**Work task**
Write out again, word for word, the lines below from the line that holds "Our housing solution" through the line that holds "Полотенцесушитель водяной Ростела", omitting pictures.

**Records provided**
━━━━━━

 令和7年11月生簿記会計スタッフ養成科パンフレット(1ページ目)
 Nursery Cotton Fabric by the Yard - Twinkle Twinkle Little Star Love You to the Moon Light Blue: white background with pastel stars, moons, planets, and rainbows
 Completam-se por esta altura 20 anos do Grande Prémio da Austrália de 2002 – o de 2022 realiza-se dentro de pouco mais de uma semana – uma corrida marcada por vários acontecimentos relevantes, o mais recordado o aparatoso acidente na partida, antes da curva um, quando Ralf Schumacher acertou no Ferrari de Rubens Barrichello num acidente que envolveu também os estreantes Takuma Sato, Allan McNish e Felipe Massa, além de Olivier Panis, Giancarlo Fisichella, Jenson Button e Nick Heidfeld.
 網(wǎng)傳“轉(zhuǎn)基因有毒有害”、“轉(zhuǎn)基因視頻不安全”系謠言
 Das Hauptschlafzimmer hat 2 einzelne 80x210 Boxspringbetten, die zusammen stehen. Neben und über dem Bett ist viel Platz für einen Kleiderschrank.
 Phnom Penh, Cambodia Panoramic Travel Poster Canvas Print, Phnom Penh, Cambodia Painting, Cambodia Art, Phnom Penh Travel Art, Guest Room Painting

━━━━━━

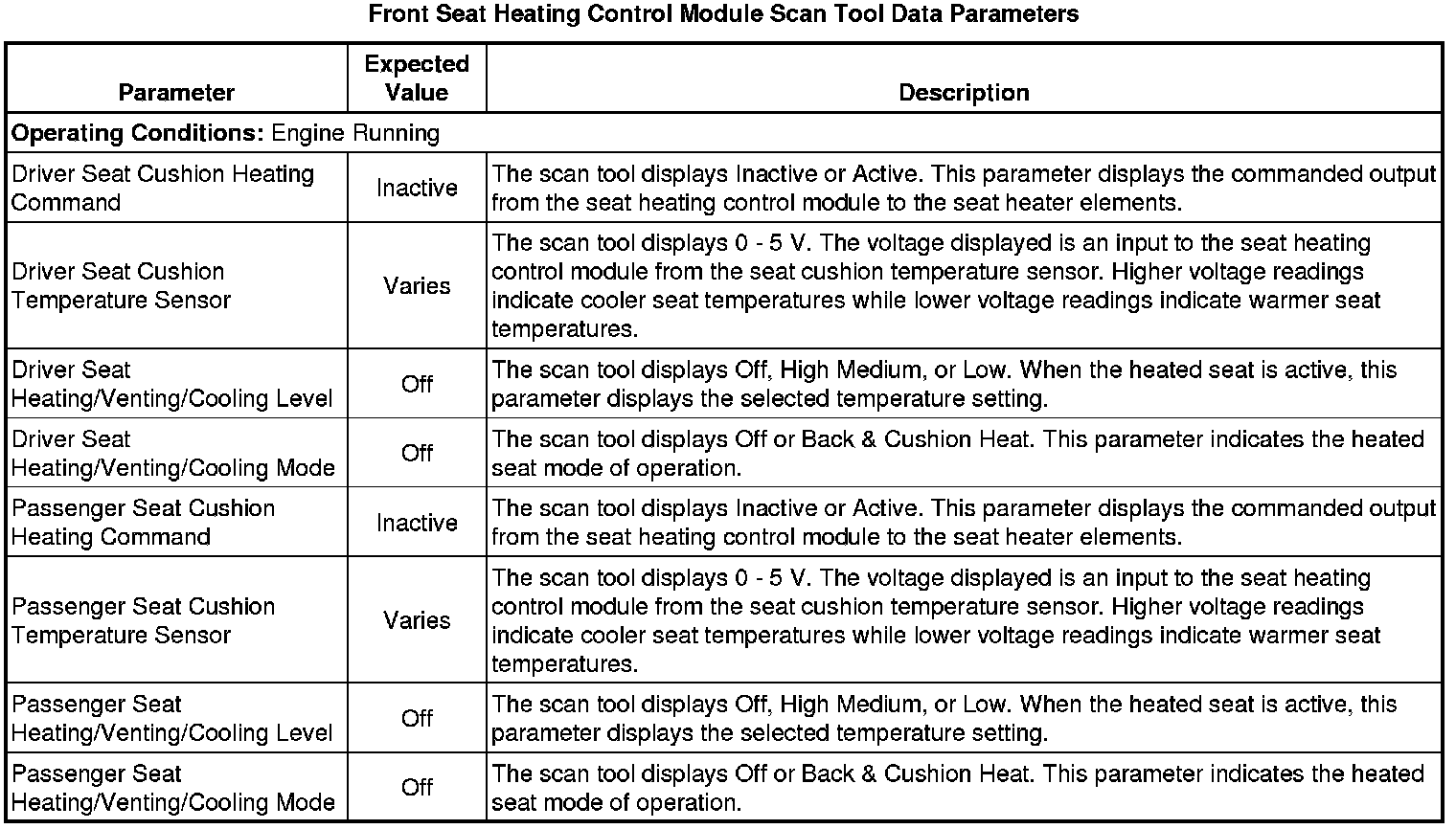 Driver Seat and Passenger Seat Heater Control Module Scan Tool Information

━━━━━━

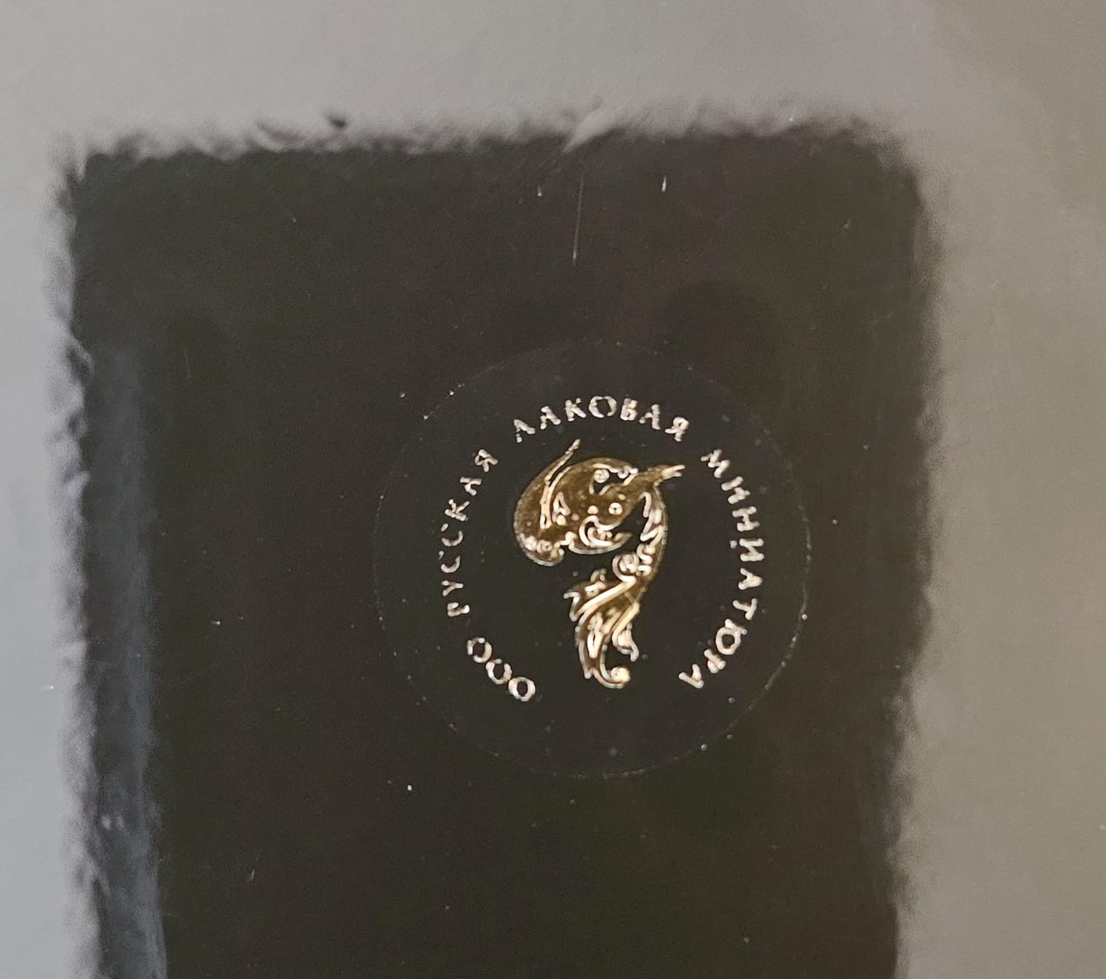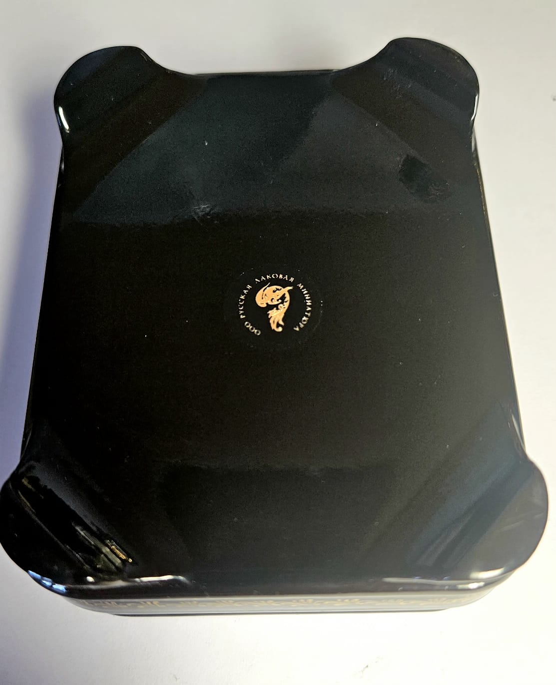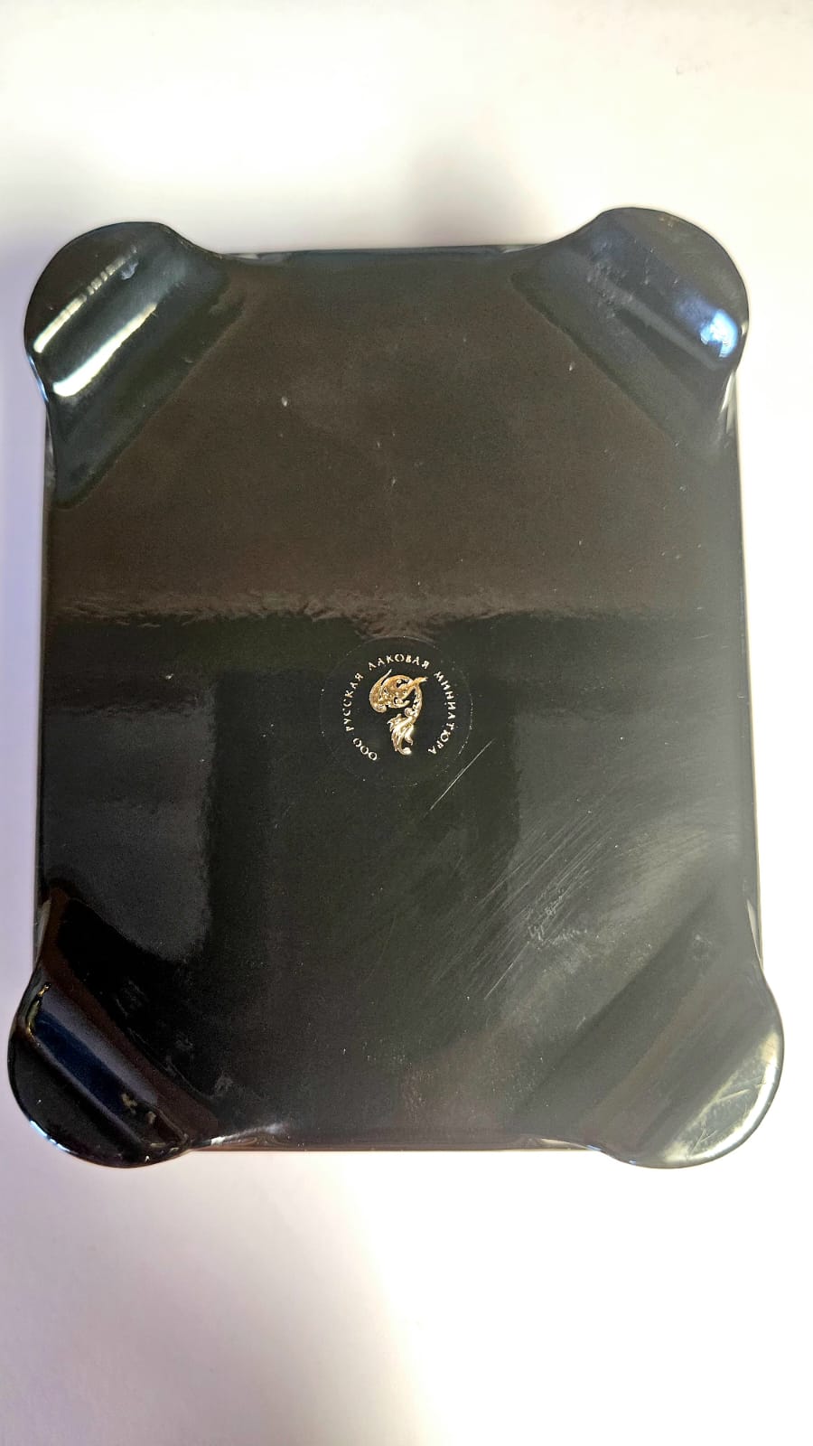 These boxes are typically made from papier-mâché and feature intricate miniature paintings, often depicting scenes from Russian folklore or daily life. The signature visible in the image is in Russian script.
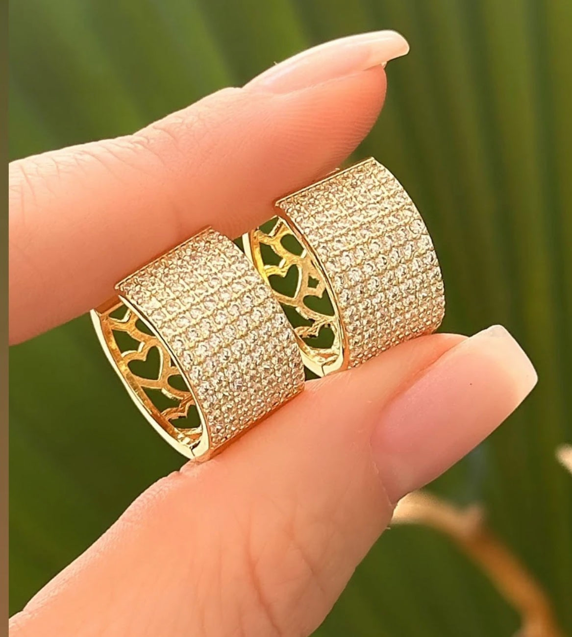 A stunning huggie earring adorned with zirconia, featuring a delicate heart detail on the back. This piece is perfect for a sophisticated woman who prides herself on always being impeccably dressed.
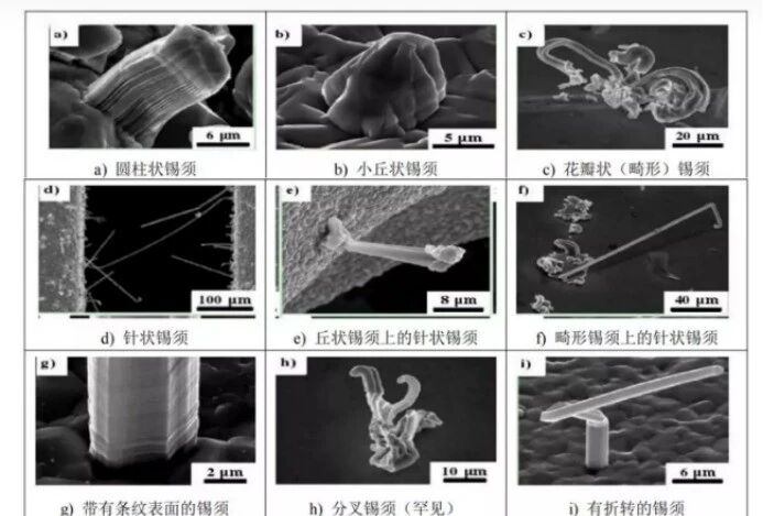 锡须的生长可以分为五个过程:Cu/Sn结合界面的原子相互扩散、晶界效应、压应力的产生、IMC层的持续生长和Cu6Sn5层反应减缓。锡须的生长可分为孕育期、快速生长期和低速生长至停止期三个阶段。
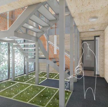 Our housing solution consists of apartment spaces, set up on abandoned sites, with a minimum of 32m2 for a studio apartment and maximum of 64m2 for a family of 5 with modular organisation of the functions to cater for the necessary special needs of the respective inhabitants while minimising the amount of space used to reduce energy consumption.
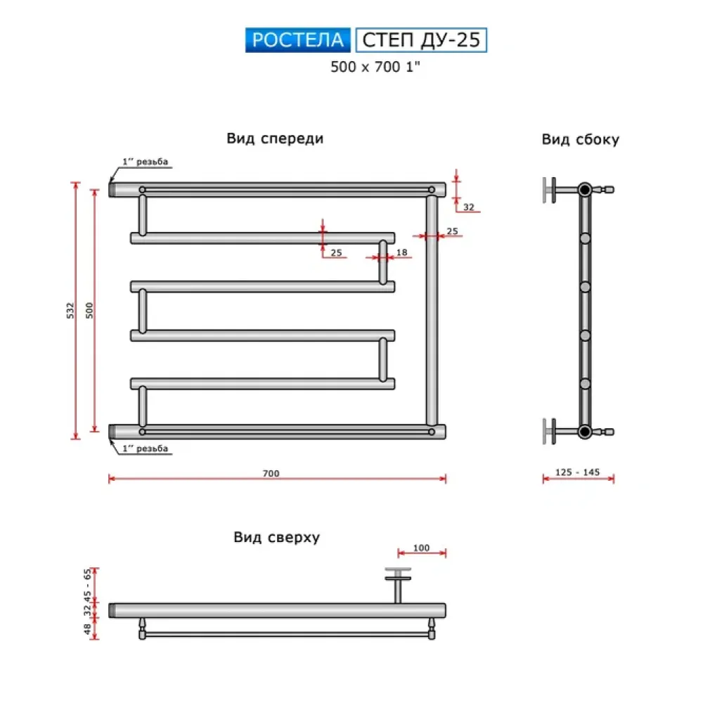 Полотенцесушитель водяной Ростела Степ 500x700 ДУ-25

━━━━━━

**Task response**
 Our housing solution consists of apartment spaces, set up on abandoned sites, with a minimum of 32m2 for a studio apartment and maximum of 64m2 for a family of 5 with modular organisation of the functions to cater for the necessary special needs of the respective inhabitants while minimising the amount of space used to reduce energy consumption.
 Полотенцесушитель водяной Ростела Степ 500x700 ДУ-25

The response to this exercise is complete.